## Task
Using the listing below, set down each line from the line containing "Pre-owned Karrimor Grivola" through the line containing "Oil drums burning", both ends included, exactly and with nothing added.

◇ ◇ ◇ ◇

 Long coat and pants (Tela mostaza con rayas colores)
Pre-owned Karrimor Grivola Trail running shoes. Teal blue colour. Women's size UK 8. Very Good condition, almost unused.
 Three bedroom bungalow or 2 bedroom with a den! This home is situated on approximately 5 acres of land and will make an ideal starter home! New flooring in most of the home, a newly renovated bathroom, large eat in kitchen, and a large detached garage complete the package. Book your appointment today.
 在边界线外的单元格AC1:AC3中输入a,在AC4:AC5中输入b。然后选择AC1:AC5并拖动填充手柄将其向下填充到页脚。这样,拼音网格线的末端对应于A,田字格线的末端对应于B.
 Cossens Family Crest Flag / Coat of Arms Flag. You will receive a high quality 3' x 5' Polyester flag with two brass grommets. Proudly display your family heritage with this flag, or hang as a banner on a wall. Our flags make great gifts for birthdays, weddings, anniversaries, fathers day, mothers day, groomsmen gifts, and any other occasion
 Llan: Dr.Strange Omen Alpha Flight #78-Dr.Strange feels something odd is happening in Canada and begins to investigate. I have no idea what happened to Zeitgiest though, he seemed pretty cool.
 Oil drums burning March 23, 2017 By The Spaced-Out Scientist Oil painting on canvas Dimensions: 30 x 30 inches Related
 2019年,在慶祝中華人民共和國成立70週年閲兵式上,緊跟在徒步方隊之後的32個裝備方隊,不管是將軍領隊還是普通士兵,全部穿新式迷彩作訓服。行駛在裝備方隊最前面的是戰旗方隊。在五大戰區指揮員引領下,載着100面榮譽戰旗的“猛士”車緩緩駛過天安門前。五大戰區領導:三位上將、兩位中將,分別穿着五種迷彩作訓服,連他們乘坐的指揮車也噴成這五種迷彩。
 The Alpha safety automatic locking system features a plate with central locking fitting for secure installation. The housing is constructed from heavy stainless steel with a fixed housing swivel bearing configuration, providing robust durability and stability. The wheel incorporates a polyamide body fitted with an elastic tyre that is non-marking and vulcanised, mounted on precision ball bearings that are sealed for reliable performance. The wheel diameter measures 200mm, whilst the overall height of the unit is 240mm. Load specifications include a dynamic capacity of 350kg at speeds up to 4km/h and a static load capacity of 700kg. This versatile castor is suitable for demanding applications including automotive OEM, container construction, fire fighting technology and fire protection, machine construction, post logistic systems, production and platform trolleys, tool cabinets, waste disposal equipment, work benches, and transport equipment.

◇ ◇ ◇ ◇

## Solution to the problem
Pre-owned Karrimor Grivola Trail running shoes. Teal blue colour. Women's size UK 8. Very Good condition, almost unused.
 Three bedroom bungalow or 2 bedroom with a den! This home is situated on approximately 5 acres of land and will make an ideal starter home! New flooring in most of the home, a newly renovated bathroom, large eat in kitchen, and a large detached garage complete the package. Book your appointment today.
 在边界线外的单元格AC1:AC3中输入a,在AC4:AC5中输入b。然后选择AC1:AC5并拖动填充手柄将其向下填充到页脚。这样,拼音网格线的末端对应于A,田字格线的末端对应于B.
 Cossens Family Crest Flag / Coat of Arms Flag. You will receive a high quality 3' x 5' Polyester flag with two brass grommets. Proudly display your family heritage with this flag, or hang as a banner on a wall. Our flags make great gifts for birthdays, weddings, anniversaries, fathers day, mothers day, groomsmen gifts, and any other occasion
 Llan: Dr.Strange Omen Alpha Flight #78-Dr.Strange feels something odd is happening in Canada and begins to investigate. I have no idea what happened to Zeitgiest though, he seemed pretty cool.
 Oil drums burning March 23, 2017 By The Spaced-Out Scientist Oil painting on canvas Dimensions: 30 x 30 inches Related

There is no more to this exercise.